Task prompt: Transcribe every line of the material below without change, apart from dropping the pictures.

===== Information provided =====

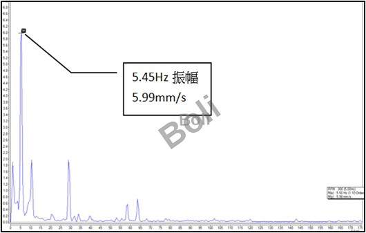 1. 現場巡檢人員使用「一般振動計」,振動總值量取的頻率範圍只有10~1,000Hz,所以顯示振動值低,是因為無法量測到5.45Hz的振幅。
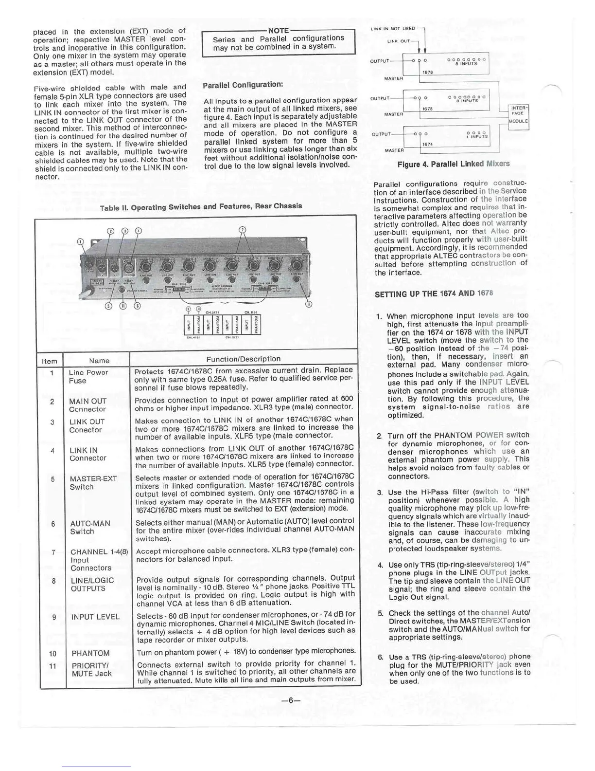 Altec Lansing 1678C SIGNAL PROCESSING - Operating Switches and Features (Rear Chassis); Rear Panel Controls and Connectors; Setting Up the 1674 and 1678; Input Level and Phantom Power Settings
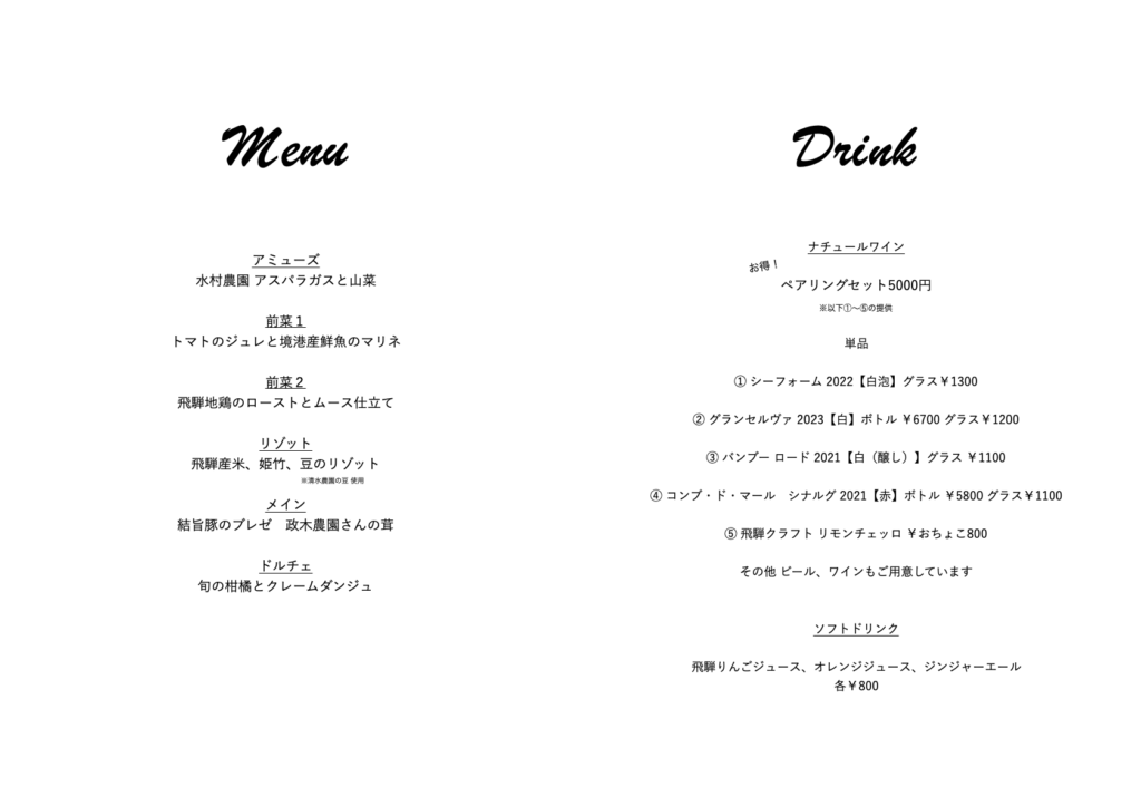 今回は、元イギリス大使館の公邸料理人でもあるイタリアンシェフに2階ゲストハウスに滞在いただき、春の飛騨食材をふんだんに使ったコース料理をお届けしました。
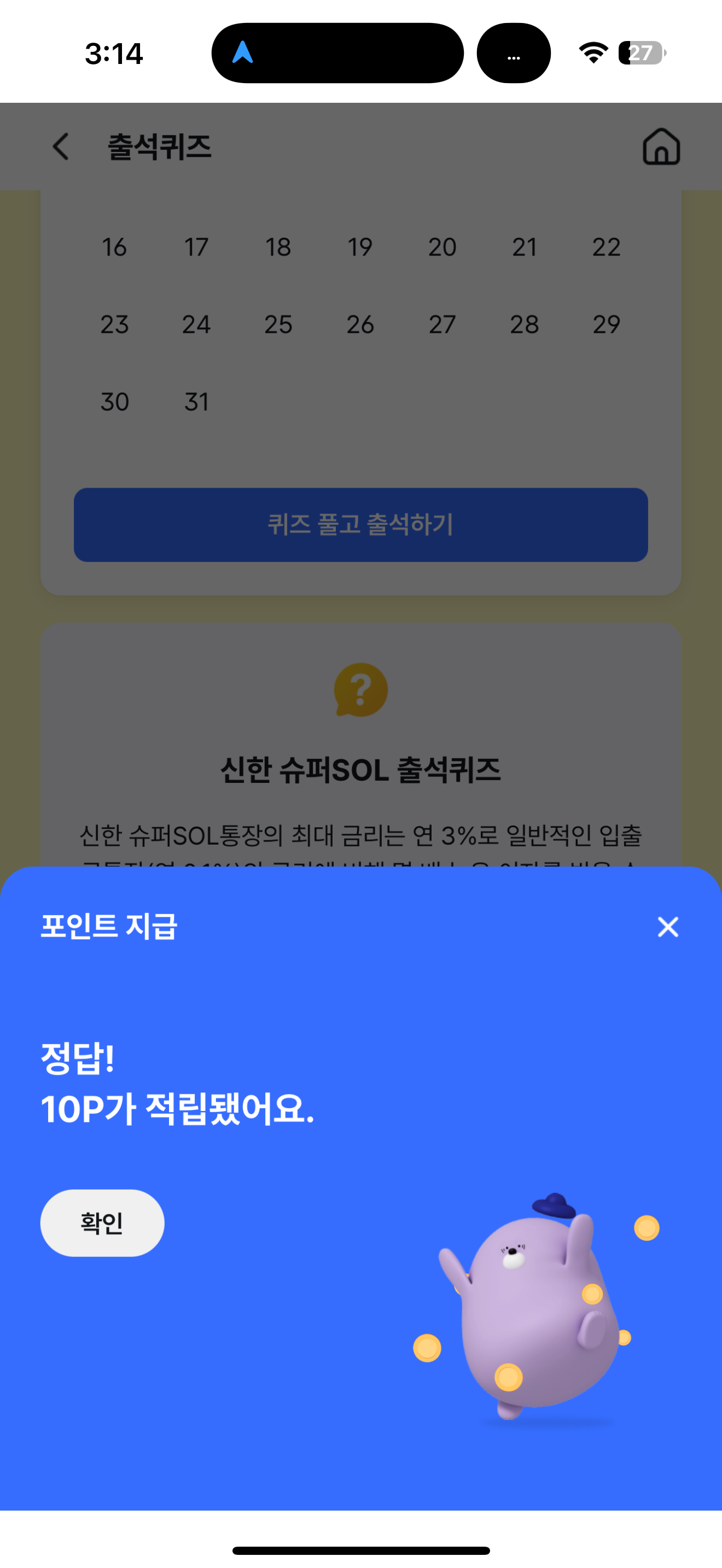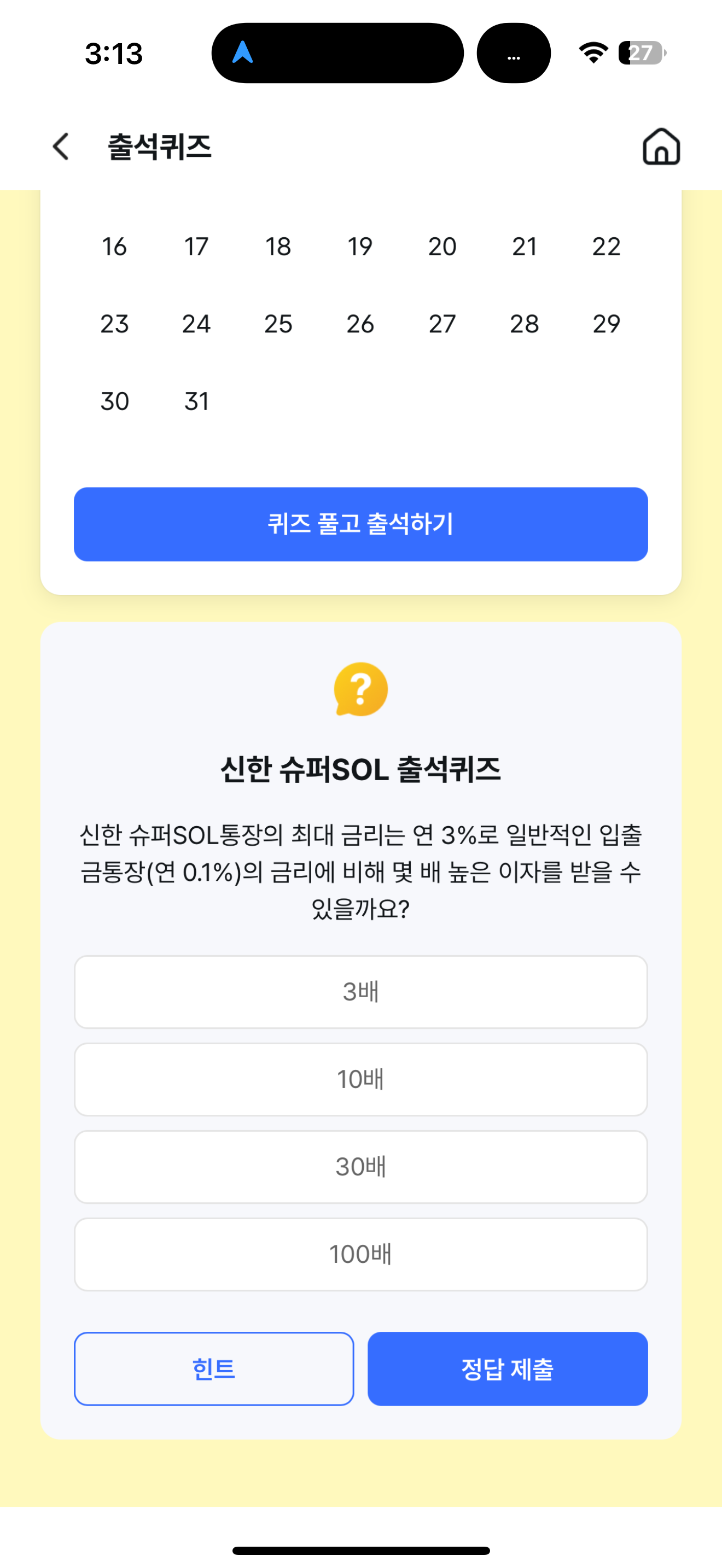신한 슈퍼SOL 출석퀴즈 정답은 30배 입니다

=====

Task solution:
 1. 現場巡檢人員使用「一般振動計」,振動總值量取的頻率範圍只有10~1,000Hz,所以顯示振動值低,是因為無法量測到5.45Hz的振幅。
 Altec Lansing 1678C SIGNAL PROCESSING - Operating Switches and Features (Rear Chassis); Rear Panel Controls and Connectors; Setting Up the 1674 and 1678; Input Level and Phantom Power Settings
 今回は、元イギリス大使館の公邸料理人でもあるイタリアンシェフに2階ゲストハウスに滞在いただき、春の飛騨食材をふんだんに使ったコース料理をお届けしました。
신한 슈퍼SOL 출석퀴즈 정답은 30배 입니다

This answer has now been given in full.